A friend took me to a Unitarian Universalist church service, and one of the things which I noticed about that particular service (I don’t know how representative it is of all UU churches or services) was the notable lack of what I can only term as “trigger words” used in their worship service.

Perhaps the best way to describe it is by example. In my tradition, a very common pattern to start a prayer is for the worship leader to say, “The Lord be with you”, to which the response (said by the entire congregation) is “And also with you”, which in turn is followed by “Let us pray” and the actual prayer itself. This is a very common “design pattern”, which is used in many different contexts; perhaps at least 2 or 3 times in every Sunday service. The response is so automatic that sometimes it is used at retreats or at church meetings to call a gathering of people to order. The worship leader need only to say, “The Lord be with you” loudly, and everyone will instantly stop talking and respond “And also be with you”. These sets of phrases act almost like a post-hypnotic trigger, helping everyone to enter into the right frame of mind to begin a prayer.

At the UU service that I intended, there was a very little of anything that I could could serve as these sorts of triggers. Instead, the leader said something like, “we will now offer up any joys and concerns”; and at the end of the service, she simply said, “This service is now concluded”. (In contrast, in an Episcopal service, a service might be concluded with “Let us go forth rejoicing in the power of the Spirit. Alleluia, alleluia”, to which the response would be, “Thanks be to God. Alleluia, alleluia”.)

Participating in a worship service that didn’t have these triggers caused me to see how much I had gotten used to them as a way to help me enter into the different parts of a worship service. I suspect I could get used to a different set of triggers, but the traditional Episcopal triggers have been programmed in my having attended hundreds if not thousands of services throughout my life. Perhaps that’s one of the reasons why attempts to change the Episcopal liturgies in ways that radically change or restructure these trigger phrases are met with quite a bit of resistance. Sometimes they are necessary, when our understanding of theology has changed over time, but these triggers seem to speak to us at a level that goes beyond rationality or theology.

That’s not to say that the UU service had no such triggers. At the beginning of the service, they did ring a bell three times, in what was very clearly intended to be a call to prepare for worship. And shortly after that, a candle which was floating in a chalice was lit, serving a similar purpose. But aside from that, most of the rest of the service spoke to the head, with very little that sparked an ineffable sence of the holy.

I chatted with my friend afterwards, and she told me that this wasn’t an accident. According to her, many Unitarians apparently don’t like that kind of liturgy. Perhaps they are seen as “magic words” to folks that prefer a strict sense of rationality.

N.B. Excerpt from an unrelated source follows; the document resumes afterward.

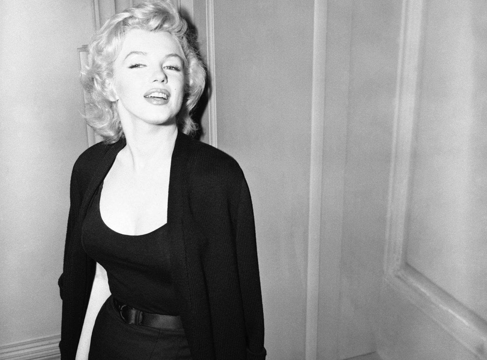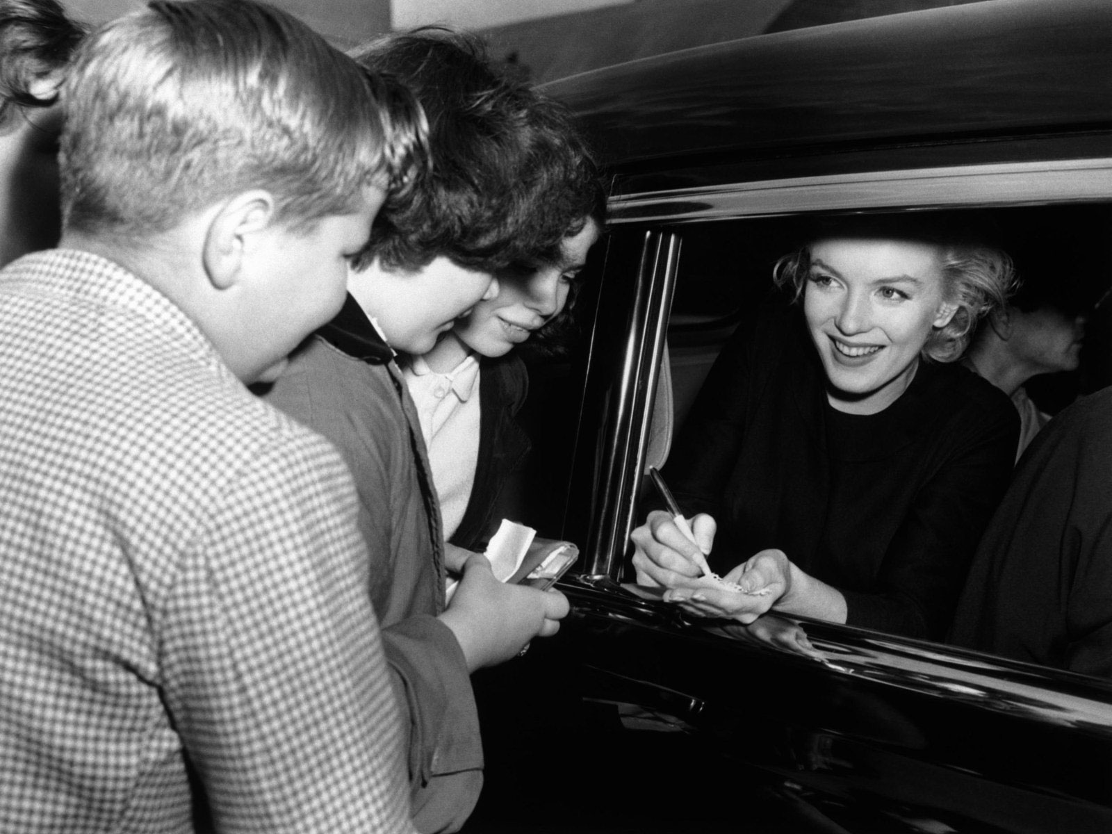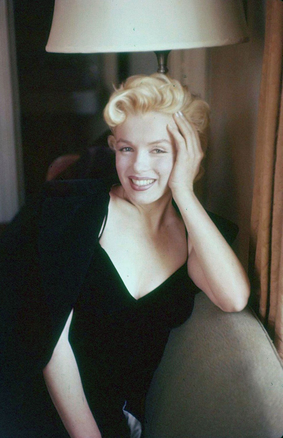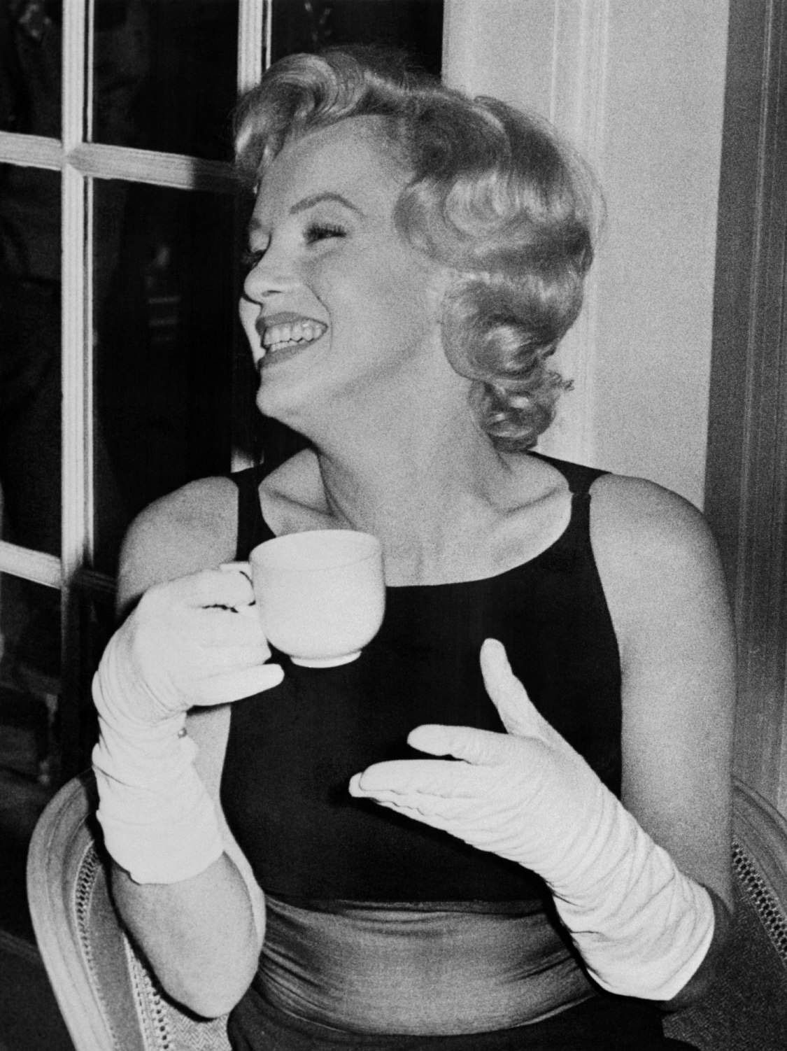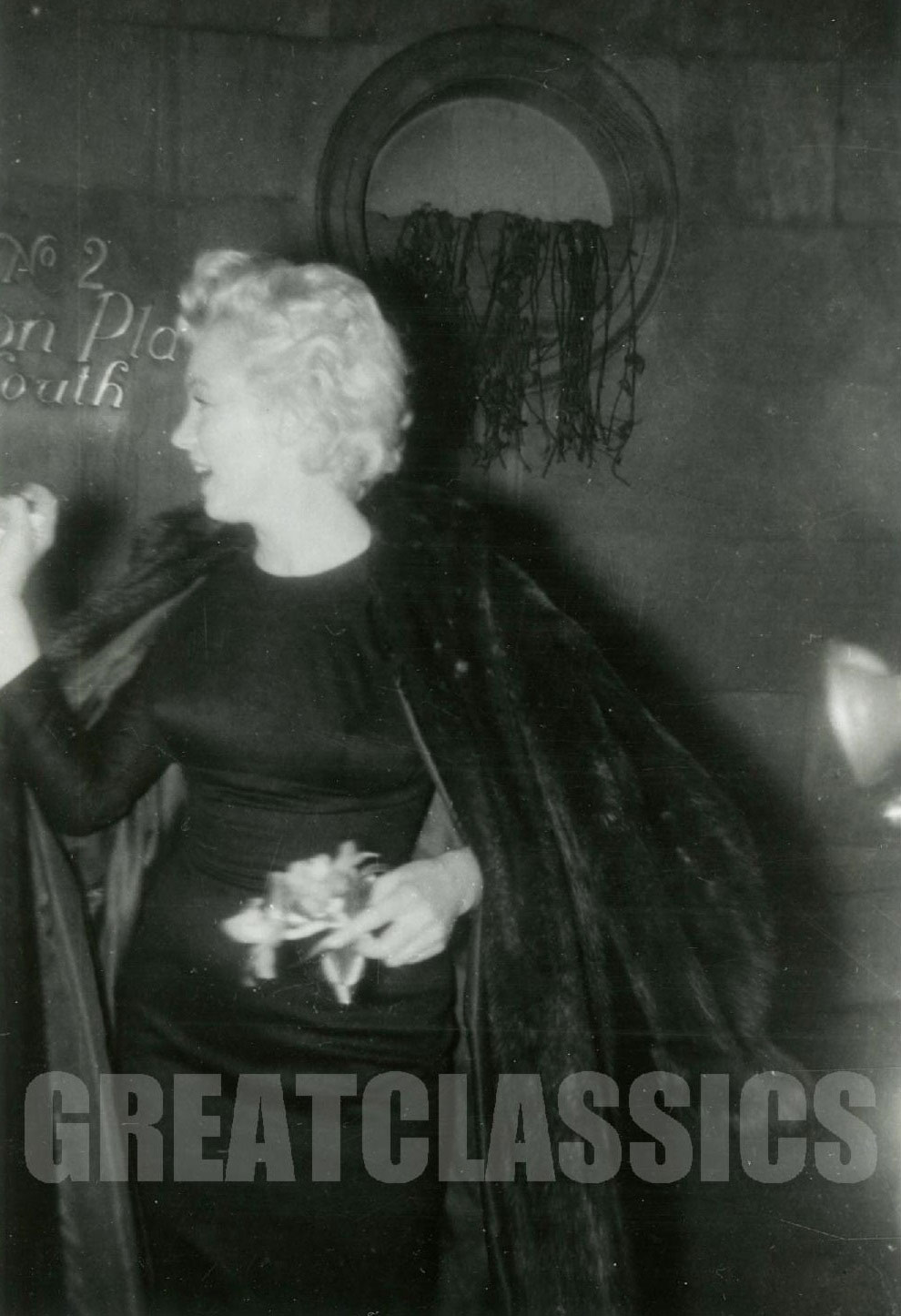 June 21, 1956, the reporters plaguing her, in the lobby of her building -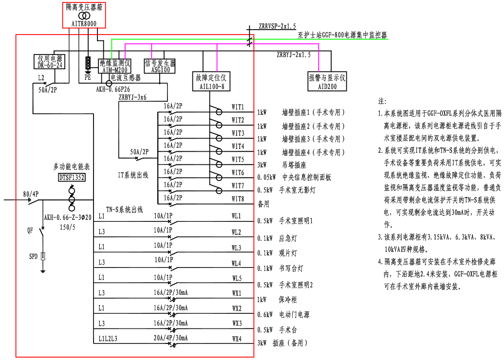 GGF-OXFL醫用隔離電源柜系統接線圖

A few months ago, when planning our Easter Eve service at our church, the traditional “lighting of the new fire” was replaced with a different framework. Traditionally, the “new fire” is lit while the congregation is sitting in complete darkness, holding unlit candles. Once it is lit, the bright fire in the back of the church is used to light the Pascal candle, and from that central candle, the fire is passed along to everyone in the congregation, so that by the time Easter Eve processional begins, there is a very strong contrast between the darkness at the very beginning of the service, to one where the church is lit from everybody’s candles — from hundreds of points of light, all stemming from the “new fire”. It represents the coming of Light to the world, and then the spreading of that light from one person to another, pushing back the darkness. To me, it is a very special part of the Easter Eve service.

In one of the explanations for why the traditional “new fire” liturgy was replaced, it was put down by dismissively by calling it a “magic fire”. I missed it, and I think I now know why — to me, the magic is important. It speaks to a part of me and fills a need in me that goes beyond rationality. And in this world that tends to celebrate the intellectual side of things beyond all others, that’s something which is incredibly valuable to me.